As I thought of God as Mind, I realized that God is my refuge because He is present in truth as my Mind. Not that He is a big Mind off somewhere that I try to reflect, but that as His man I can only know His presence as the very basis and substance of my thought and being. With God present as my Mind, I can have no separate mind that is unprotected and vulnerable. Because Mind is infinite and All, Mind can only know the presence of good, because that is all that constitutes God's creation. I had to be very radical in rejecting the notion that I was a little mortal in a mortal universe, struggling to join God in His. I accepted instead the opposite view as true right then: that man, being God's expression, is His indestructible creation. Certainly if God can't be annihilated, His idea, man, can't be either.

I continued praying along these lines until I was absolutely convinced of the inseparable, indestructible relationship God has to His precious idea, man. I found my peace, and the physical discomfort ceased. There was no longer any fear that danger was threatening me. I was free, even before my husband returned— safely.
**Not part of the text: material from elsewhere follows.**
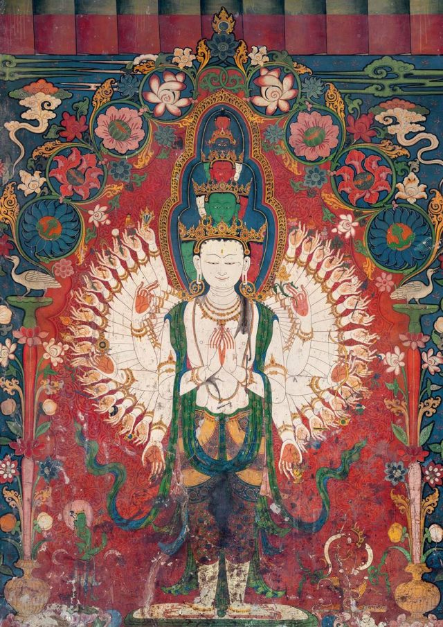 Phật A Di Đà (Amitabha) một trong 5 vị Phật ( Tỳ Lô Giá Na Phật, Bảo Sanh Phật, Khai Phu Hoa Vương Phật , A Di Đà Phật, Thiên Cổ Lôi Âm Phật-nd ) ghép những mảnh vỡ lại, và biến thành 11 đầu. Sau đó ngài dặn dò đức Avalokiteshvara hãy thực hiện lại lời nguyện đó một lần nữa, nhưng giữ lời nguyện đó tốt hơn, kiên cố hơn. Do đó Avalokiteshvara có mười một đầu, và trong đó có mười đầu là hiền hoà và một đầu là phẫn nộ. Đầu phẫn nộ đó chính là đại diện cho Mahakala.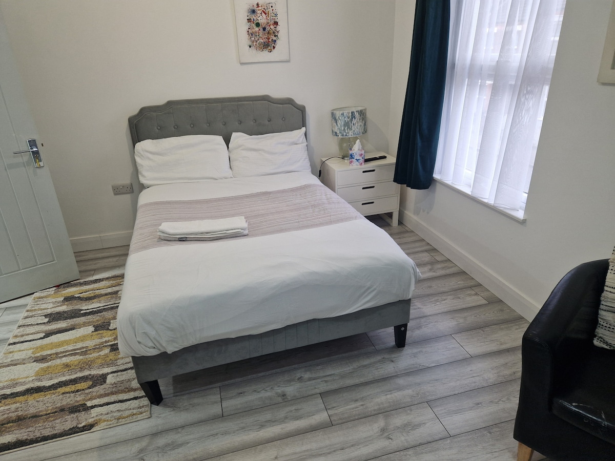 Stylish refurbished apartment in Bedford, ideally located close to the town centre and transport links, with fast trains into London. Sleeps up to 4 guests with a comfortable bed and sofa bed. Enjoy Netflix, high-speed Wi-Fi, and a fully equipped kitchen for short or long stays. Perfect for contractors, business travellers, couples, families, and holidaymakers. Close to shops, restaurants, parks, and the river — an ideal base for work or leisure. Photos for illustration purposes

No matter what the circumstances are, our refuge is always at hand. It's not a bomb shelter, a life of solitude, a drug, or a drink. It's the understanding that God, divine Mind, is the only real presence and power. Whether the threat confronting us appears to result from our own carelessness or ignorance, from our surroundings, from circumstances that seem beyond our control, or from someone else's malice, the common denominator is a belief in an intelligence other than God, good. And evil seems real and threatening only to the extent that we accept the belief in a mind apart from God, the All-Mind.

Founding our safety on the basis of this Mind takes persistence and consecration. It involves an honest willingness to obey Paul's declaration "Let this mind be in you, which was also in Christ Jesus."Phil. 2:5. But as we experience even a little success in this endeavor, we discover a peace that assures us there's no other real basis of security.